カイロレンはハン・ソロとレイア・オーガナとの間に生まれた息子であることは、EP7の劇中で言われている。 そして彼の本名が「ベン」であるということもハン・ソロの口から伺えた。     「ベン」と言えば、オビワン・ケノービがEP4以降に名乗っていた名前で、ハン・ソロたちはベンに敬意を示し、この名を息子に与えたと考えられる(レイアをEP4で救えたのは、ベン・ケノービのおかげかもしれない)。   なぜベンは、カイロレンと名乗るようになったのか。   「レン」は日本語で「蓮」の音読み。実は「Padme」には、「白い蓮」という意味があり、さらに「カイロ」は、ある暗号サイトで「スカイウォーカー」と紐付けると「sons(息子たち)」という言葉に変わるとか。
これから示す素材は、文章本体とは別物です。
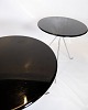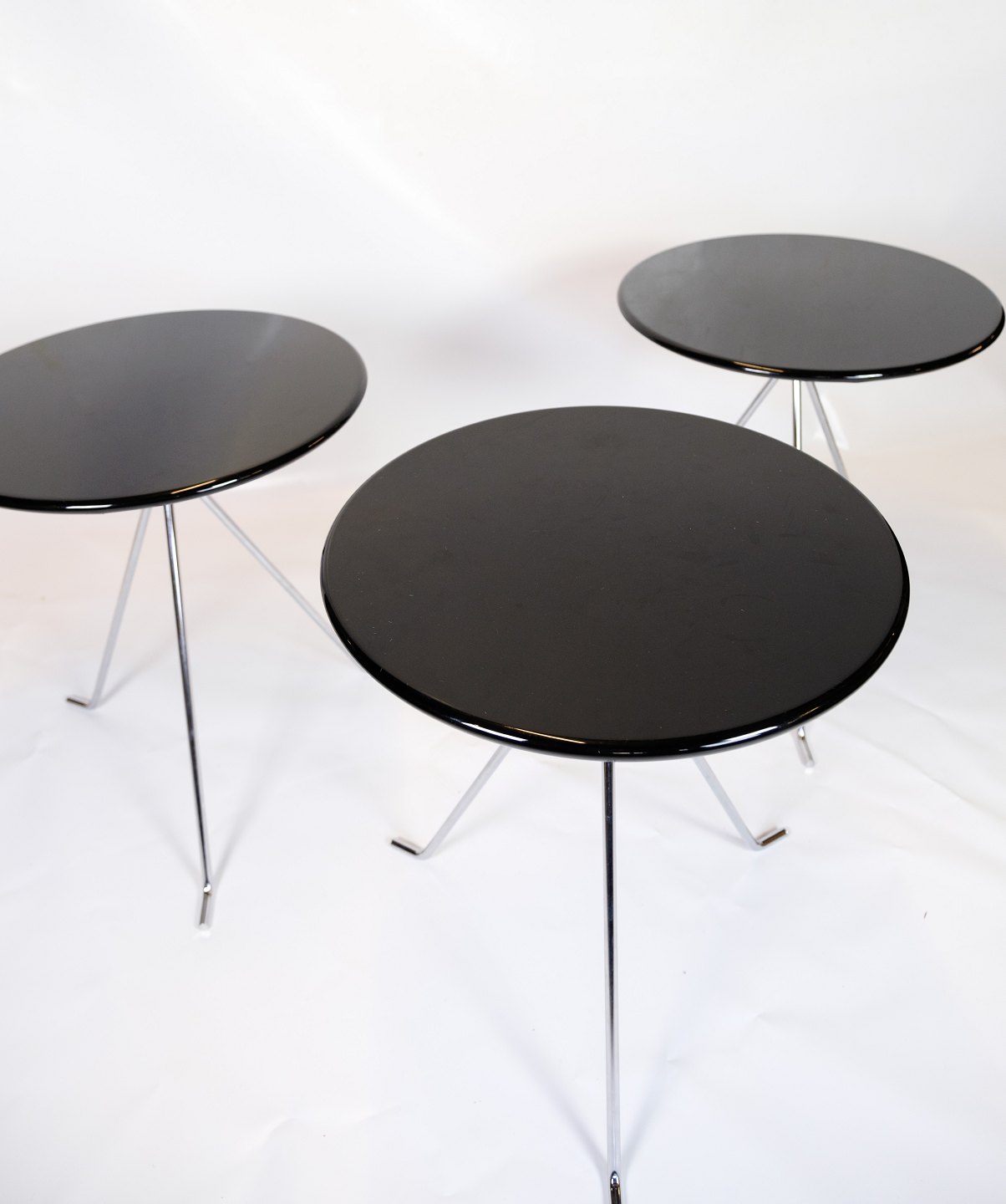 Sofabords sæt bestående af 3 små runde borde med krom ben med folde mekanisme og sort overflade originalt fra Danmark.

参考:ジョニーリンゴ     つまり、彼は自分を、パドメの息子である(ダースベイダーの息子である)と主張したい気持ちを、自らの名前に込めているのかもしれない、というわけだ。   「I will finish what you started.(あなたを受け継ぐ。)」   それほどまでにカイロレンがベイダーを崇拝するのはなぜか。  

EP8のあらすじを予測してみた

EP8はルークとレイが出会うところから始まる。 カイロレンは「光の誘惑」から逃げ、スノークとともに新たな作戦に踏み切る形になる。   EP9での完結を考えると、レイの出生に関する決定的な証拠を含めた、上記の伏線のほとんどが回収されそうだ。     EP8の公開は当初の予定から延期され、2017年12月予定。   EP8の脚本・監督を務めるのは、『LOOPER/ルーパー』や『BRICK ブリック』を手がけたライアン・ジョンソン。 長編映画デビュー作『BRICK ブリック』は2005年のサンダンス映画祭で審査員特別賞を受賞。   『エピソード7/フォースの覚醒』の監督J.J.エイブラムスは、EP8では製作総指揮というポジションに。     深まる謎、散りばめられるヒント。   圧倒的なグラフィックス、鮮やかな戦闘シーンだけでなく、謎解きの要素をふんだんに含むスターウォーズは、意味がわかると感動するストーリー構成が魅力だ。